News story

Wales Office Minister: HS2 is a central part of our ambition to build a stronger UK economy

This news article was published under the 2010 to 2015 Conservative and Liberal Democrat coalition government

Stephen Crabb MP writes for the Western Mail on the benefits of HS2 to the Welsh economy

Wales stands at the threshold of an era of unprecedented investment in railway infrastructure. For the first time since the mid 1800s a new vision is unfolding of how major rail investment can help power economic growth.

Rail electrification in Wales, coupled with the transformational effects of HS2 throughout the UK, will help lay foundations for a step-change in Welsh economic performance as our key markets become closer and movement between them more efficient.

Born in the heat of the industrial revolution, railways continue to support our economy in a profound way. The digital revolution has not reduced demand for the physical movement of people, goods and services; it has helped fire-up that demand even further.

It is more than 170 years since Isambard Kingdom Brunel and Robert Stephenson, chief engineers on the Great Western Railway and Chester & Holyhead Railway, respectively forged heavy rail links between England’s new centres of commerce and Welsh ports and industrial heartlands.

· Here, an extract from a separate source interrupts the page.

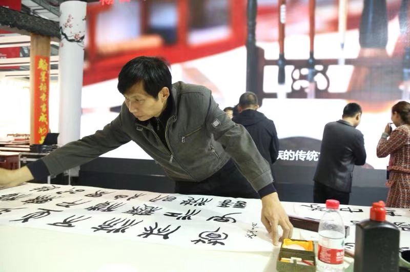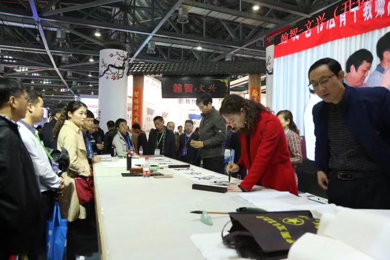 展区内,翰智牌专利智能毛笔,可自动储墨、免洗,方便携带,干净卫生引起参展者争相购买,国内首家扫码描红本系列教辅,1000多本样书,十几分钟被参观者争购一空。

This same rail infrastructure, built by men of incredible vision and tenacity, continues to provide key arteries of the Welsh economy. But our 19th century railway is struggling to cope with the demands of the 21st century.

Every year in Britain trains carry 1.5 billion passengers and 100 million tonnes of goods. In the last decade alone passenger numbers have risen by 54%, and by 2020 an extra 400 million journeys per year are expected to be made. In Wales, demand is increasing even faster. Since 2000, passenger journeys beginning or ending in Wales have increased by 65%, with further predicted growth of 31% by 2019.

Without enormous infrastructure investment this growth will be choked off as capacity fills up and the consequences and costs to the Welsh economy will be severe.

The solution proposed by UK Government is an unprecedented investment package to modernise our railways, releasing space on crowded lines and bringing the whole country closer together. Central to this is the High Speed Two rail network which will provide major new capacity through the very heart of the UK.

Our ambitious programme of rail electrification, signalling upgrades and station improvements are also key components of this package and Wales will be a beneficiary at every stage.

When the Coalition Government was formed Wales was the only European country, apart from Albania, without any electrified lines. We are determined to change this. We will deliver the first electric trains to Wales through the electrification of the London to Swansea route and of the Valley lines into Cardiff.

In the coming years Network Rail will undertake an ambitious modernisation plan in Wales, renewing tracks and replacing ageing signalling equipment across Wales and the border counties. This includes signalling improvements from Newport to Shrewsbury and Flint to Llandudno, improving line speeds and increasing our ability to run more trains.

But as important as this set of improvements within Wales is, the real economic benefit comes about through the interaction with other projects elsewhere on the network, like HS2, which will improve Wales’s connectivity to UK and international markets.

The current insular nature of Welsh politics all too often reduces the debate on rail from a discussion about strategic UK-wide investment, to one looking at the narrow benefits of improving only those lines that run within our borders.

But no single project should be looked at in isolation from the bigger vision.

As a result of the £1 billion electrification of the Great Western Mainline, the £895 million unclogging of the Reading bottleneck, coupled with the £14.8 billion Crossrail project in London, passengers and businesses in South Wales will see the benefits of faster links straight into Europe’s largest financial centre.

Cardiff to Canary Wharf in two hours is going to become a powerful part of the inward investment message with Cardiff’s own financial and legal sectors set to expand in the decades ahead.

Furthermore, the planned £500million investment in a direct link between Reading and Heathrow is a vital investment for Welsh business. It could cut 30 minutes off the journey from south Wales to Heathrow Airport.

All of these opportunities will be enhanced even further through the HS2 interchange at Old Oak Common which will connect the improved Great Western line to Britain’s new high speed network.

For North Wales the planned HS2 hub station at Crewe will provide access to high speed passenger services and unlock new employment and business opportunities in the region. North east Wales and north west England form one single economic entity and HS2 will foster even closer integration.

But the vision goes even further, because HS2 will also help strengthen the business case for electrification of the north Wales lines. Electrification in north Wales would ensure that Wales maximises the benefits from the investment in HS2 and allow through services to Holyhead. The Wales Office is working closely with local authorities and business groups in North Wales to to develop this business case.

HS2 is a central part of our ambition to build a stronger economy across the UK. KPMG estimates that HS2 could boost the UK’s economy by £15 billion per year within five years of the network opening.

There are clear benefits from the outset for those living in Wales. But these benefits multiply when the other major projects which comprise our vision for rail are factored in.

As in the days of Brunel and Stephenson there is no shortage of people who are determined to spread doubt and aim low. Investment on this scale is certainly daunting. But the prize for the Welsh economy is too big to allow insularity and lack of ambition to get in the way of a new era of growth for our railways.